We proceed by induction on \(\cgG\text{.}\) If \(|\cgG|=1\) and \(\cgG=\{E\}\text{,}\) we are simply asserting that \(P(\overline{E})\ge 1-x(E)\text{,}\) which is true since \(P(E)\le x(E)\text{.}\) Now suppose that \(|\cgG|=k\ge2\) and that the lemma holds whenever \(1\le |\cgG|\lt k\text{.}\) Let \(\cgG =\{E_1,E_2,\dots,E_k\}\text{.}\) Then
\begin{equation*}
P(\prod_{i\ge1}^k \overline{E_i})=P(\overline{E_1}|\prod_{i=2}^k\overline{E_i})
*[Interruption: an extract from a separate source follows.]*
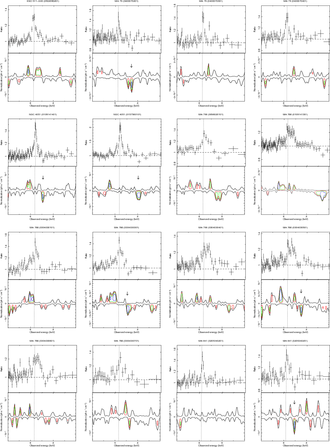 The Fe K absorption lines are pointed by arrows. The vertical line
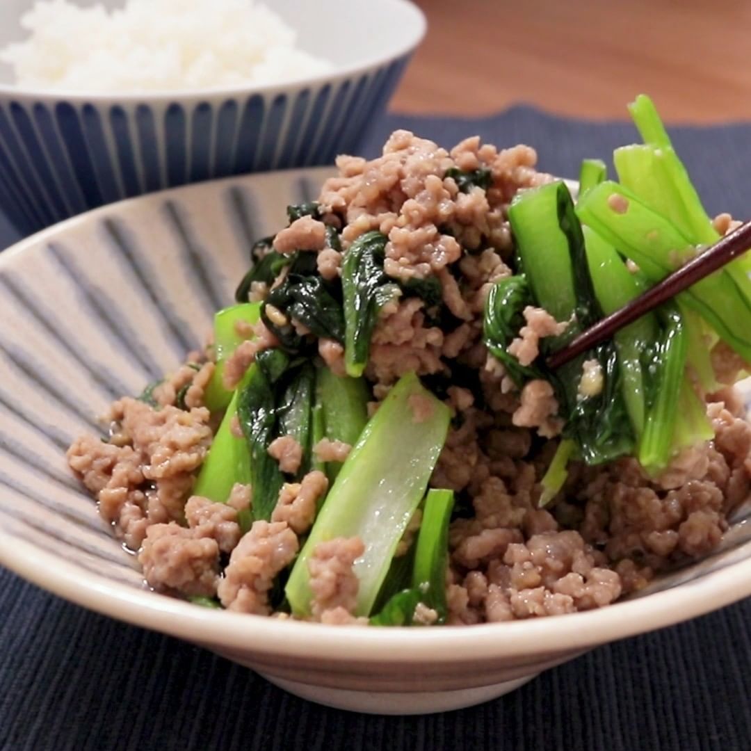 ③ご飯がすすむ 小松菜のひき肉炒め

P(\overline{E_2}|\prod_{i=3}^k\overline{E_i})P(E_3|\prod_{i=4}^k\overline{E_i})\dots
\end{equation*}
Now each term in the product on the right has the following form:
\begin{equation*}
P(\overline{E}|\prod_{F\in\cgF_E}\overline{F})
\end{equation*}
where \(|\cgF_E|\lt k\text{.}\)
So, we done if we can show that
\begin{equation*}
P(\overline{E}|\prod_{F\in\cgF_E}\overline{F})\ge 1- x(E)
\end{equation*}
This is equivalent to showing that
\begin{equation*}
P(E|\prod_{F\in\cgF_E}\overline{F})\le x(E)
\end{equation*}
Suppose first that \(\cgF_E\cap\cgN(E)=\emptyset\text{.}\) Then
\begin{equation*}
P(E|\prod_{F\in\cgF_E}\overline{F})=P(E)\le x(E).
\end{equation*}
So we may assume that \(\cgF_E\cap\cgN(E)\neq\emptyset\text{.}\) Let \(\cgF_E=\{F_1,F_2,F_r,F_{r+1},F_{r+2},\dots, F_t\}\text{,}\) with \(F_i\in\cgN_E\) if and only if \(r+1\le i\le t\text{.}\) Then
\begin{equation*}
PE|\prod_{F\in\cgF_E}\overline{F})=
\frac{P(E\prod_{F\in\cgF_E\cap\cgN(E)}\overline{F}|\prod_{F\in\cgF_E-\cgN(E)}\overline{F})}
{P(\prod_{F\in\cgF_E\cap \cgN(E)}\overline{F})}
\end{equation*}
Consider first the numerator in this last expression. Note that
\begin{equation*}
P(E\prod_{F\in\cgF_E\cap\cgN(E)}\overline{F}|\prod_{F\in\cgF_E-\cgN(E)}\overline{F})\le
P(E|\prod_{F\in\cgF_E\cap\cgN(E)}\overline{F})\le x(E)\prod_{F\in\cgF_E\cap\cgN(E)}(1-x(F))
\end{equation*}
Next, consider the denominator. By the inductive hypothesis, we have
\begin{equation*}
P(\prod_F\in\cgF_E\cap\cgN(E)\overline{F}\ge \prod_{F\in\cgF_E\cap\cgN(E)}(1-x(F)).
\end{equation*}
Combining these last two inequalities, we have
\begin{equation*}
P(E|\prod_{F\in\cgF_E}\overline{F})\le x(E)\prod_{\cgN(E)-\cgF_E}(1-x(F))\le x(E),
\end{equation*}
and the proof is complete.